Emma Pelton, Conservation Biologist, The Xerces Society for Invertebrate Conservation; (503) 232-6639 ext. 102,

Declines in Insect Abundance and Diversity: We Know Enough to Act Now

New paper details why we need to act to protect insects.

PORTLAND, Ore.; June 24, 2019—On Saturday, June 22, the journal Conservation Science and Practice published a paper that makes the case for greater action to curb the global decline in insects. Insects are vital to life as we know it on this planet. The vast majority of bats, birds, and freshwater fish depend on insects, and humans depend on insect pollination for nutritious fruits and vegetables. Insects provide services of over $57 billion to the US economy.

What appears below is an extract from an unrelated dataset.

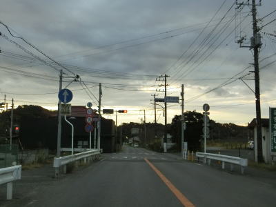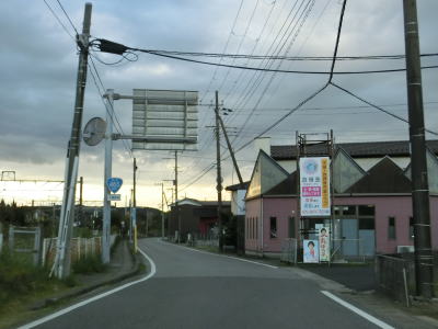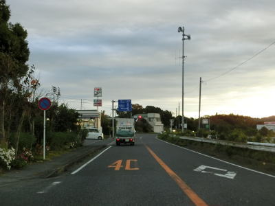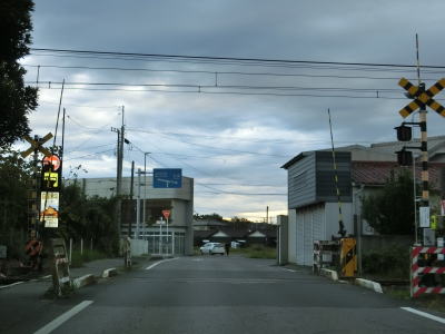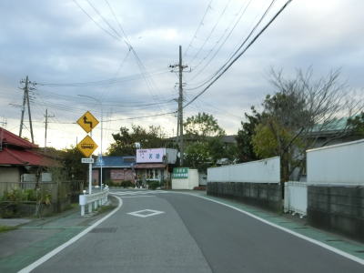 | 大貫駅前を通り過ぎて少し走ると左カーブを曲がり、直後にJR内房線の千種街道踏切を渡って市道とのT字路に突き当たり、右折して佐貫方面に進む。左折の市道に富津市役所が案内されているが、内房線の西を通るR465と似たような道路状況で走りやすいとは言えない。 | ||

Although we need more study to understand the overall scope and scale of the declines, the research that has been done provides compelling evidence of declines in insect abundance, diversity, and biomass.

“There is no doubt that a great many insect populations and species are suffering and are in some form of decline,” said Matt Forister, McMinn Professor of Biology, University of Nevada, Reno. “Although there is a need for greater investment in basic science and further analyses of existing data, our belief is that the severity of reported insect declines is sufficient to warrant immediate action.”

In addition to the data supporting the decline of insect populations, patterns are emerging that point to the primary drivers of insect declines. The most influential factors are habitat loss and degradation, pesticides, and climate change, although other factors include disease, invasive species, and light pollution.

“There are many factors leading to the decline in insects,” said Emma Pelton, endangered species conservation biologist and western monarch lead for the Xerces Society for Invertebrate Conservation. “Even though there are still unknowns, taking action to restore, enhance, and protect habitat and curbing pesticides has been shown to help insect populations.”

The paper not only presents the problem, but also provides examples of success stories in insect conservation, from both terrestrial and aquatic environments spanning three continents. The authors also propose actions that can be taken to address insect declines, which can be implemented by various societal sectors including nations, states, provinces and cities, working lands, natural areas, and homes and gardens.

“If we hope to stem the losses of insect diversity and the services they provide, society must take steps at all levels to protect, restore, and enhance habitat for insects across landscapes—from wildlands to farmland to urban cores,” said Scott Hoffman Black, executive director of the Xerces Society. “But there is hope because everyone can make a difference. Farmers can add additional habitat and curb pesticide use, governments can make climate adaptation a goal, and even a backyard or apartment balcony can be an important stopover for the smallest of animals upon which we all depend.”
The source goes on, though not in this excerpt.